In (Wang et al., 2024) paper they mentioned that the camera initializer was designed as follows:

Screenshot 2025-01-10 at 3 40 35 PM

source: (Wang et al., 2024)


But at the time of writing, the camera initializer does not use track features in the code to make it faster. This was mentioned in the issues.

So here’s how the camera initializer is implemented in the code:

  1. runner.py calls camera_predictor.py using self.camera_predictor, which passes image features to a transformer and refine the camera poses iteratively:

    camera_predictor.py line 187

         for iter_num in range(iters):
             pred_pose_enc = pred_pose_enc.detach()
    
             # Embed the camera parameters and add to rgb_feat
             pose_embed = self.embed_pose(pred_pose_enc)
             rgb_feat = rgb_feat + pose_embed
    
             # Run trunk transformers on rgb_feat
             rgb_feat = self.trunk(rgb_feat)
    
             # Predict the delta feat and pose encoding at each iteration
             delta = self.pose_branch(rgb_feat)
             delta_pred_pose_enc = delta[..., : self.target_dim]
             delta_feat = delta[..., self.target_dim :]
    
             rgb_feat = self.ffeat_updater(self.norm(delta_feat)) + rgb_feat
    
             pred_pose_enc = pred_pose_enc + delta_pred_pose_enc
    
             # Residual connection
             rgb_feat = (rgb_feat + rgb_feat_init) / 2
    
  2. runner.py calls estimate_preliminary.py using estimate_preliminary_cameras_poselib or estimate_preliminary_cameras.
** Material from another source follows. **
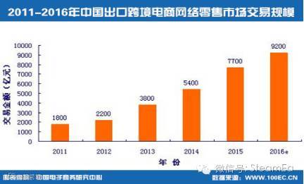 据中国电子商务研究中心(100EC.CN)监测数据显示,2015年,中国出口跨境电商网络零售市场交易规模为7200亿元,同比增长33.3%。
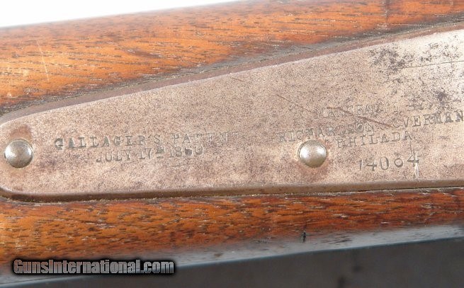 Description: CIVIL WAR GALLAGER OR GALLAGER’S U.S. PATENT .50 CAL. PERCUSSION CAVALRY CARBINE CIRCA 1863. 22 ¼” barrel with the original front and rear sights. Very good plus to fine example with all the original parts including all the screws in nice condition. Excellent lock markings with crisp “GALLAGER’S PATENT/JILY 17TH, 1860” stamp and “MANUFACTURED BY/RICHARDSON & OVERMAN/PHILADA”. Original grey metal patina and stock with all the original finish. Nice patchbox screws. Working order and fine bore. Famously used by four Ohio Volunteer Cavalry Regiments as well as units from Tennessee and West Virginia. SOLD Antique: Yes |

The difference was mentioned in the comments:

    runner.py line 474

         # Estimate preliminary_cameras by recovering fundamental/essential/homography matrix from 2D matches
         # By default, we use fundamental matrix estimation with 7p/8p+LORANSAC
         # All the operations are batched and differentiable (if necessary)
         # except when you enable use_poselib to save GPU memory
         _, preliminary_dict = estimate_preliminary_cameras_fn(
             pred_track,
             pred_vis,
             width,
             height,
             tracks_score=pred_score,
             max_error=self.cfg.fmat_thres,
             loopresidual=True,
         )
    

    estimate_preliminary.py performs three main tasks

    1. Estimate Fundamental Matrix by Batch fmat: (B*(S-1))x3x3, where S is the number of frames. fundamental.py estimates the fundamental matrix by 7pt/8pt algo + LORANSAC and returns the one with the highest inlier number.
    2. Estimate kmat1, kmat2: (B*(S-1))x3x3, where focal length is set as max(width, height), and the principal point is set as (width//2, height//2).
    3. Get Essential matrix from Fundamental and Camera matrices.

Triangulator

In (Wang et al., 2024) paper they mentioned that they used a transformer for the triangulator:

Screenshot 2025-01-11 at 2 21 57 PM

source: (Wang et al., 2024)


But at the time of writing, the learnable parameters were removed from the triangulator in the code to simplify inference. This was mentioned in the issues.

So here’s how the triangulator is implemented in the code:

  1. runner.py calls triangulator.py using self.triangulator, which uses RANSAC Direct Linear Transforms (DLT) to triangulate and bundle adjust.

    triangulator.py line 122

          # For initialization
          # we first triangulate a point cloud for each pair of query-reference images,
          # i.e., we have S-1 3D point clouds
          # points_3d_pair: S-1 x N x 3
          (points_3d_pair, cheirality_mask_pair, triangle_value_pair) = (
              triangulate_by_pair(extrinsics[None], tracks_normalized[None])
          )
    
          # Check which point cloud can provide sufficient inliers
          # that pass the triangulation angle and cheirality check
          # Pick the highest inlier_geo_vis one as the initial point cloud
          inlier_total, valid_tri_angle_thres = find_best_initial_pair(
              inlier_geo_vis,
              cheirality_mask_pair,
              triangle_value_pair,
              init_tri_angle_thres,
          )
    
  2. triangulator.py calls utils/triangulator.py using init_BA function. It uses pycolmap for BA:

    utils/triangulator.py line 122

          # Convert PyTorch tensors to the format of Pycolmap
          # Prepare for the Bundle Adjustment Optimization
          # NOTE although we use pycolmap for BA here, but any BA library should be able to achieve the same result
          reconstruction = batch_matrix_to_pycolmap(
              toBA_points3D,
              toBA_extrinsics,
              toBA_intrinsics,
              toBA_tracks,
              toBA_masks,
              image_size,
              extra_params=toBA_extra_params,
              shared_camera=shared_camera,
              camera_type=camera_type,
          )
         
          # Prepare BA options
          ba_options = prepare_ba_options()
         
          # Conduct BA
          pycolmap.bundle_adjustment(reconstruction, ba_options)